All sports movements are performed according to a motor model called the stretch-shorten cycle and is characterized by three main types of contraction: eccentric (lengthening), isometric (static position) and concentric (shortening). For example, a volleyball player who quickly squats and immediately jumps up to block an attacking blow has completed the entire stretch-contraction cycle. The same applies to the athlete who lowers the barbell to his chest and quickly performs an explosive movement by extending his arms. To fully take advantage of the physiological qualities of the stretch-shorten cycle, the muscle must quickly move from lengthening to shortening [10] (Schmidtble-icher, 1992).

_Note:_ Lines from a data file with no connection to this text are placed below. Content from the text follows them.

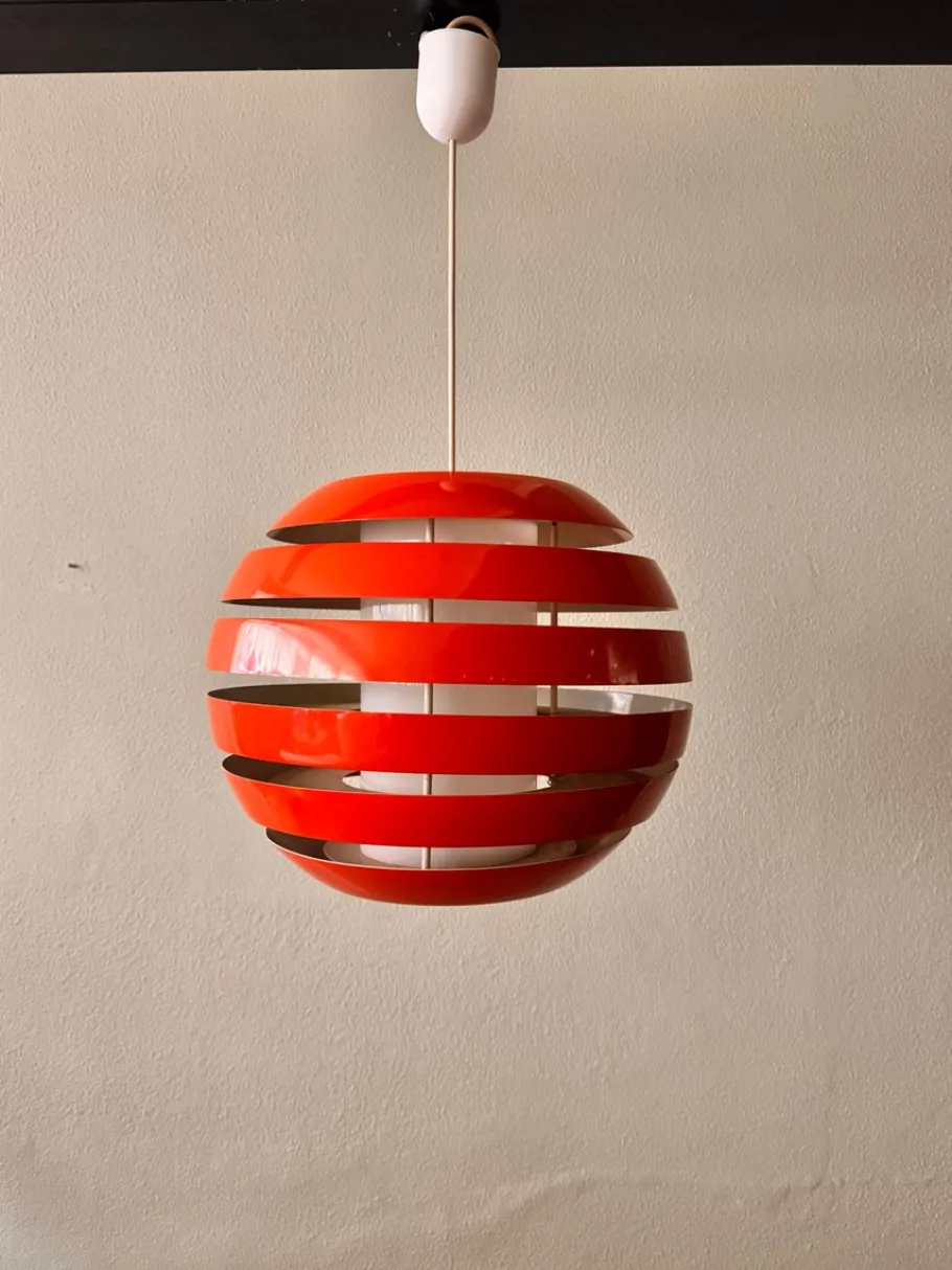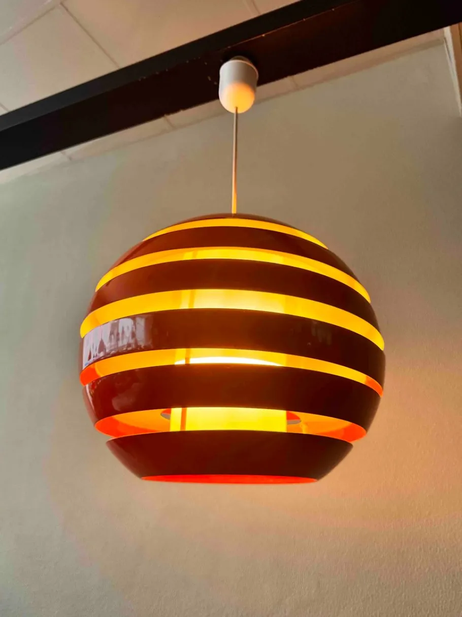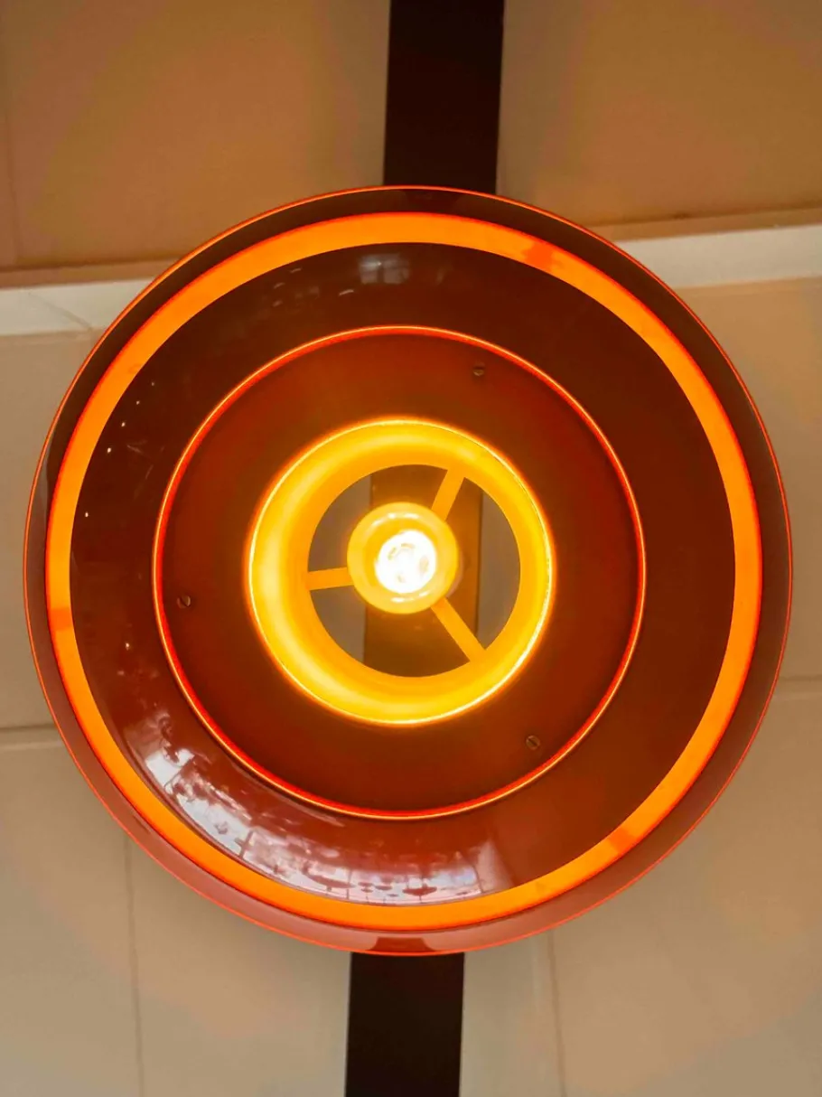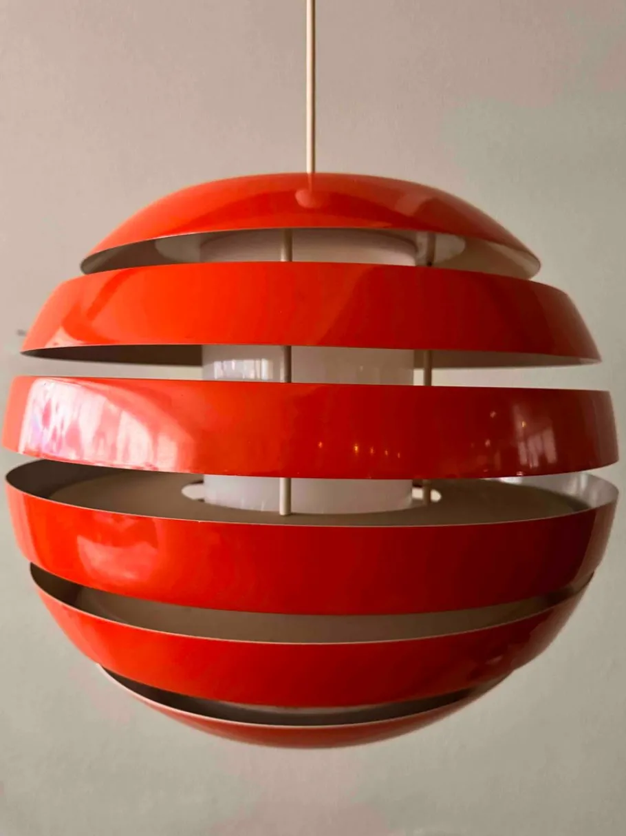 The lamp’s spherical form is composed of stacked, curved metal bands that create a layered effect. Light filters through the gaps between the bands, while the inner cylindrical diffuser softens the glow, providing ambient illumination with minimal glare. When lit, the orange hue intensifies, casting a warm and inviting light.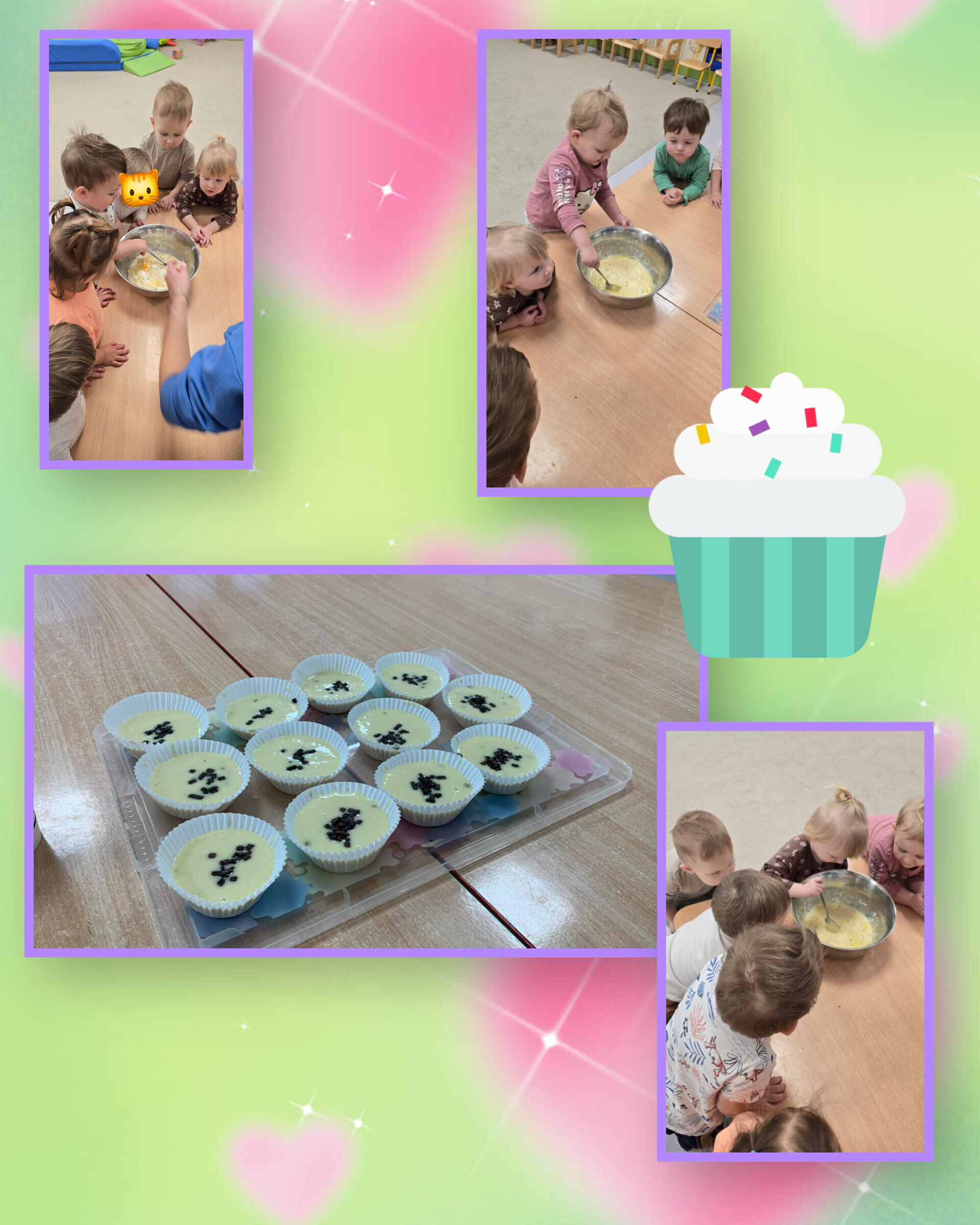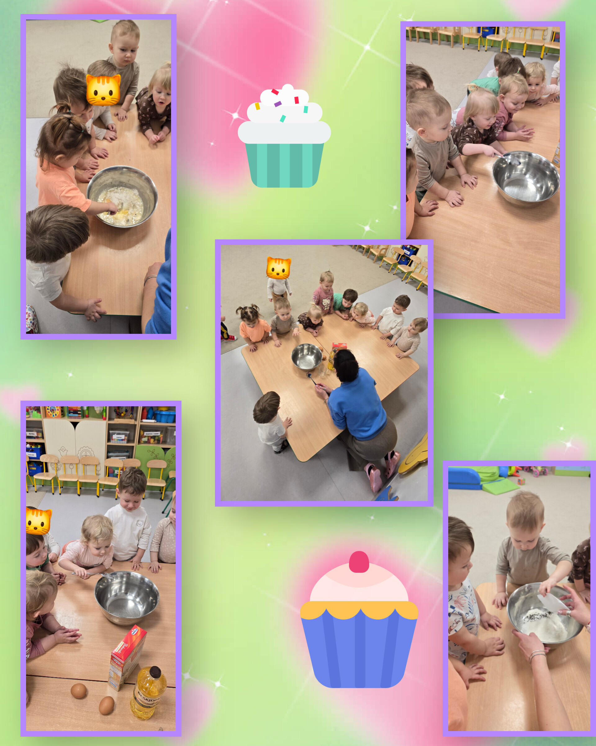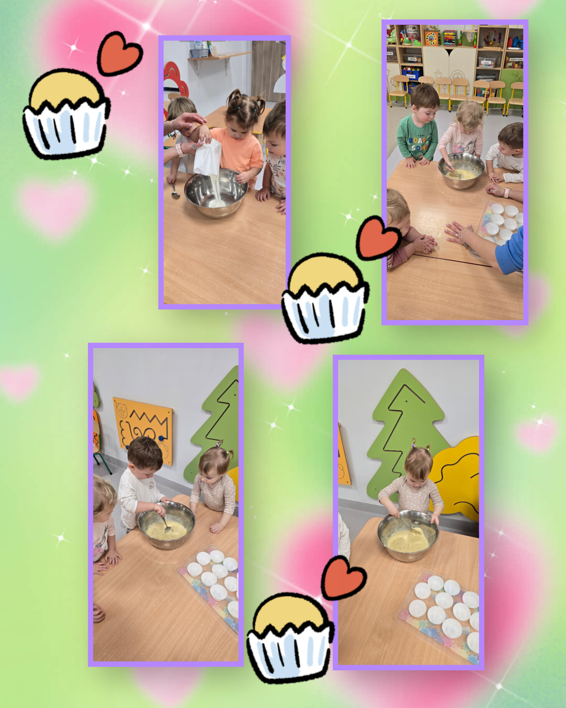 Najpierw dzielnie mieszaliśmy składniki – mąka fruwała prawie jak śnieg, a łyżki pracowały szybciej niż wyścigówki. Każdy mały cukiernik z ogromnym zaangażowaniem przygotowywał swoje babeczki. Było mieszanie, nakładanie i oczywiście… wielkie dekorowanie! Kolorowe posypki sypały się jak konfetti a babeczki z minuty na minutę stawały się prawdziwymi dziełami sztuki.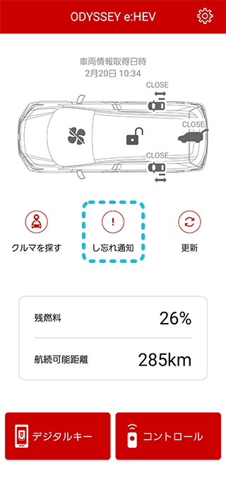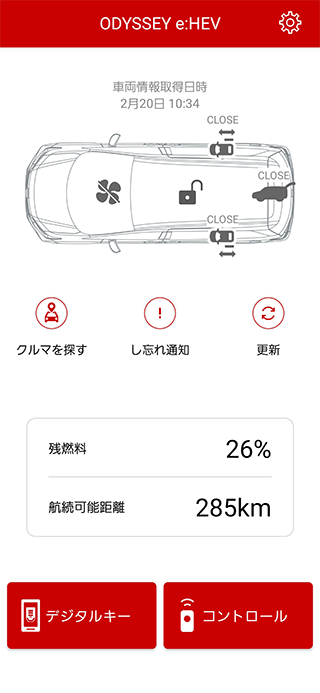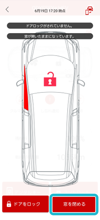 ドアロック、テールゲート、パワースライドドア、窓の閉め忘れの場合は、スマートフォンから遠隔で操作することができます。

Muscle potential is optimized when all the complex factors that influence the stretch-shorten cycle are activated. Their influence can only be used to improve athletic performance when the neuromuscular system is strategically stimulated in the correct sequence. It is to achieve this goal that periodization of strength training bases the planning of stages on the physiological basis of the chosen sport. After compiling an ergogenic profile (assessing the contribution of energy systems) of the chosen sport, it is necessary to plan the stages of training step by step in order to transfer positive neuromuscular adaptation to practical indicators of human activity. Thus, understanding applied human physiology and establishing a goal at the end of each phase helps coaches and athletes integrate physiological principles into specific sport training.
Let's repeat:
The musculoskeletal system of the body is a combination of bones attached to each other by ligaments at the joints. The muscles that cross these joints provide the force to move the body. However, skeletal muscles do not contract independently of each other. The movements performed around a joint are produced by several muscles, each of which has a specific role, as mentioned above.
Agonists—or synergists—are muscles that interact with each other to perform a movement. In most cases, especially if we are talking about a skilled and experienced athlete, the antagonist muscles relax, making movement easier. Because the interaction of the agonist and antagonist muscle groups directly influences athletic movements, improper interaction between these groups can result in jerky or stiff movement. Therefore, the smoothness of muscle contraction can be improved by focusing on relaxing the antagonists.
For this reason, simultaneous contraction (simultaneous activation of agonist and antagonist muscles to stabilize the joint) is recommended only in the early stages of rehabilitation after injury. A healthy athlete, especially if he is involved in strength sports, does not need to perform exercises (for example, on an unstable surface) that cause simultaneous contractions. For example, one of the main characteristics of elite sprinters is very low myoelectric activity of antagonist muscles in each phase of the stride cycle[11].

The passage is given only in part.